On the design of shared memory approaches to parallelize a multiobjective bee-inspired proposal for phylogenetic reconstruction
Introduction
In the last decade, the growing availability of parallel architectures has opened the door to novel programming models where multiple processing units collaborate to address computationally demanding problems. In this sense, several research lines in bioinformatics try to overcome challenging biological problems by taking advantage of shared memory Multiple Instruction Multiple Data (MIMD) multiprocessor systems, commonly represented by symmetric multiprocessors (SMP). A wide variety of biological processes can be modelled as optimization problems which seek to explore a search space Φ with the aim of obtaining an optimal solution x ∈ Φ in accordance with an objective function . As pointed out in [49], the NP-hard complexities shown by such problems (including multiple sequence alignment, DNA fragment assembling, biological sequence analysis, etc. [56]) motivate that the current needs of biological processing cannot be satisfied by using traditional serial approaches. This issue has led to an increasing interest in developing parallel algorithms for computational biology.

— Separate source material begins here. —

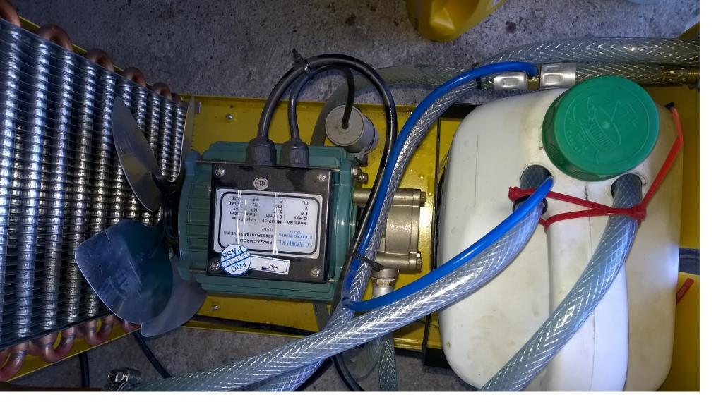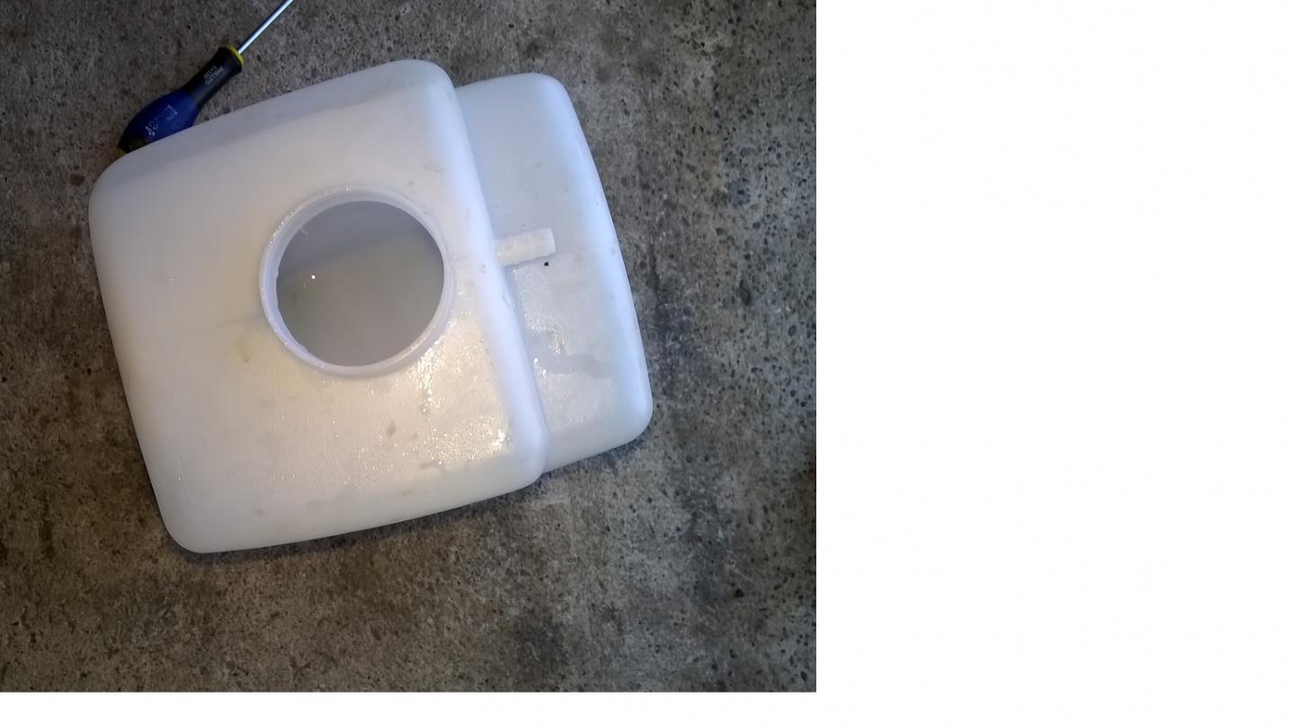 en attendant de trouver ; réparer ou fabriquer un nouveau réservoir pour le refroidisseur j'ai installé un bidon d'essence vide pour moteur deux temps ;) que j ai bien rincé à la place du réservoir percé

In order to model the behaviour of real natural systems, biological optimization procedures are often conducted by considering a number of different principles, defined as optimality criteria. This multiobjective nature has motivated the formulation of a wide range of biological problems as Multiobjective Optimization Problems (MOPs) [14]. When addressing MOPs, we aim to find a Pareto set containing solutions which optimize two or more objective functions simultaneously. This idea represents an additional challenge, as the process of finding a good approximation to the Pareto-optimal set implies a high computational cost. Recent advances in parallel architectures represent an opportunity to deal with these problems, giving support to proposals which combine bioinspired computing and parallelism.

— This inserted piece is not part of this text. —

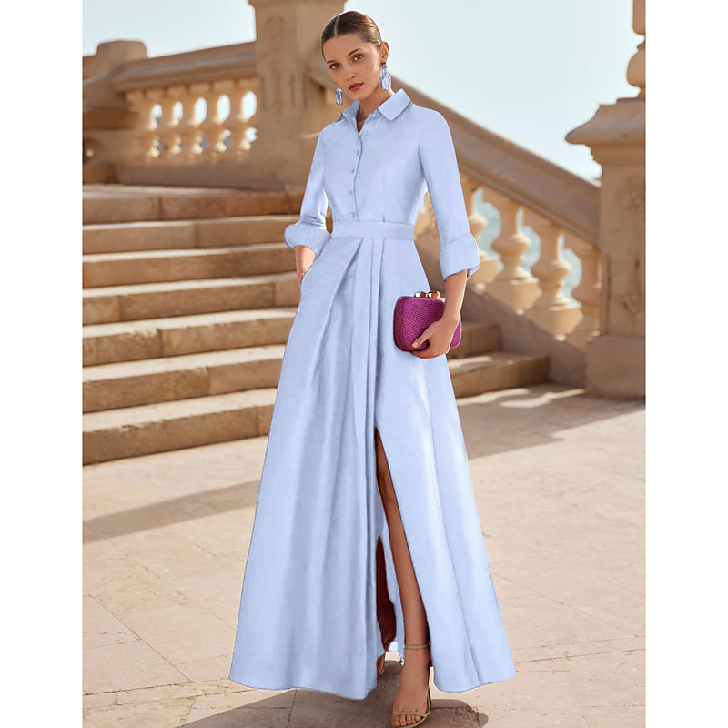 A-Line Floor Length Shirt Dress Wedding Guest Dress Formal Dresses Mother of the Bride Dress Long Sleeve Shirt Collar Elegant Wedding Formal Satin with Slit

The development of parallel metaheuristics follows two main directions [51]. Firstly, the self-contained parallel cooperation approach aims to improve the quality of results by running independent algorithms which cooperate through the interchange of promising solutions. Secondly, the idea of intra-algorithm parallelization focuses on reducing the execution times required to run an algorithm by distributing tasks among processes or threads. In bioinformatics, this second work line represents the most popular approach to make feasible the analysis of growing amounts of biological sequences. By developing parallel metaheuristics, major computational challenges in bioinformatics can be addressed. In this research, we address one of the most outstanding problems in this field, phylogenetic inference [32].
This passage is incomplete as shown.